Pydantic Scrape bridges this gap by providing:

AI-powered extraction - Let AI understand and extract what you need instead of writing brittle selectors
Type-safe workflows - Structured data with validation built-in
Academic research focus - First-class support for papers, citations, and research workflows
Browser automation - Handle JavaScript, authentication, and complex interactions seamlessly

Installation

1. Install Chawan Terminal Browser (Required)

Pydantic Scrape uses Chawan for advanced web automation and JavaScript-heavy sites.
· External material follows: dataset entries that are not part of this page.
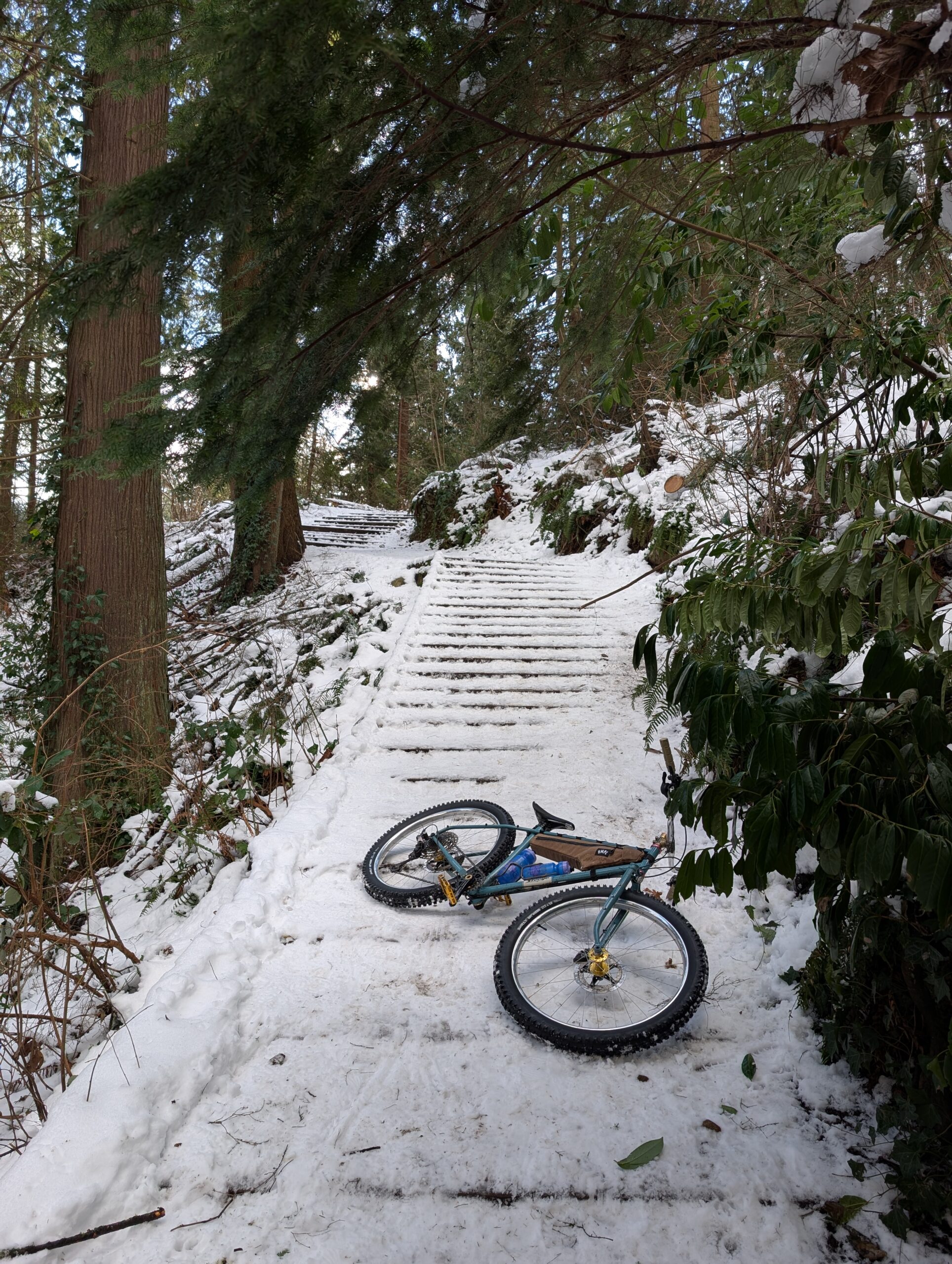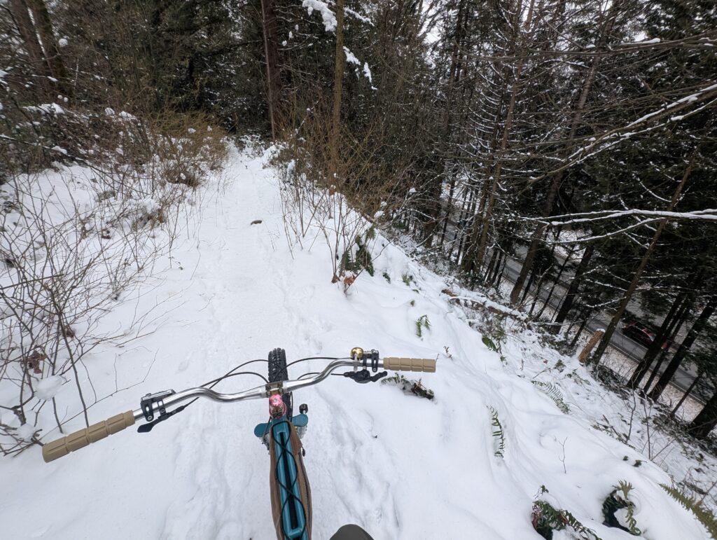 The new wheels for my Stooge were ready though, and I was able to pick them up so I could go play in the snow on the 3″ knobby Surly tires I had been hoarding in my bin for a while. This was now February 8th that I set out on the Stooge, again not really sure where or how far I would go. The icy streets in our neighbourhood had me thinking it would be a very short ride, but I pushed on to north Vancouver where I found the snow was a lot better. I pushed onwards and upwards, climbing alongside “the cut” of Hwy 1 which leads to “the upper levels” stretch of the highway.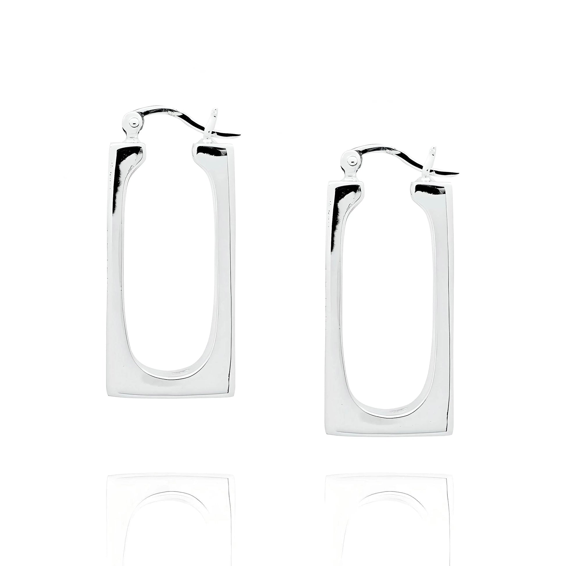 Moderne rechthoekige zilveren oorringen die imponeren met strakke lijnen en ingetogen elegantie. Deze lichtgewicht oorbellen voegen een eigentijdse vleugje verfijning toe aan je look en zijn geschikt voor elke gelegenheid, van alledaags gebruik tot speciale evenementen.
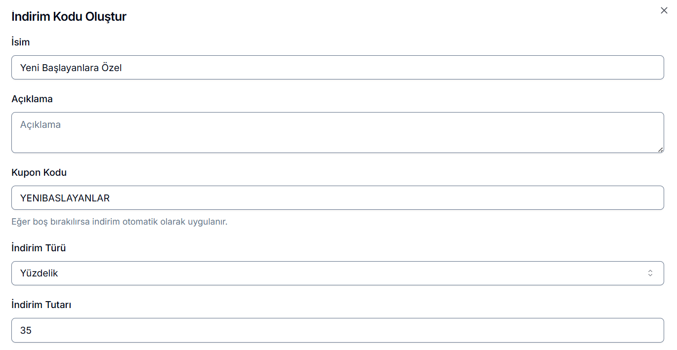 İndirim Kodu Oluştur ekranında, indirim kampanyanızı tanımlamak için gerekli tüm detayları girmeniz istenir. Bu alanda sırasıyla indirim kodu için bir isim ve isteğe bağlı bir açıklama belirleyebilirsiniz. Bu bilgiler yalnızca yönetim panelinde görünür ve indirimlerinizi ayırt etmenizi sağlar.

Option 1: Homebrew (macOS) - Stable Release

brew install chawan

Option 2: From Source - Latest Development Version

# Install Nim compiler (if not already installed)
brew install nim  # macOS
# OR for Linux: curl https://nim-lang.org/choosenim/init.sh -sSf | sh -s -- -y

# Build latest Chawan from source
git clone https://git.sr.ht/~bptato/chawan
cd chawan && make

# Install locally (recommended for development)
mkdir -p ~/.local/bin ~/.local/libexec
cp target/release/bin/cha ~/.local/bin/
cp -r target/release/libexec/chawan ~/.local/libexec/
echo 'export PATH="$HOME/.local/bin:$PATH"' >> ~/.zshrc
source ~/.zshrc

Verify installation:

cha --version

2. Install Pydantic Scrape

Lean Installation (Recommended)

# Core functionality only (~50MB)
pip install pydantic-scrape

Extended Installation with Optional Features

# YouTube video processing
pip install pydantic-scrape[youtube]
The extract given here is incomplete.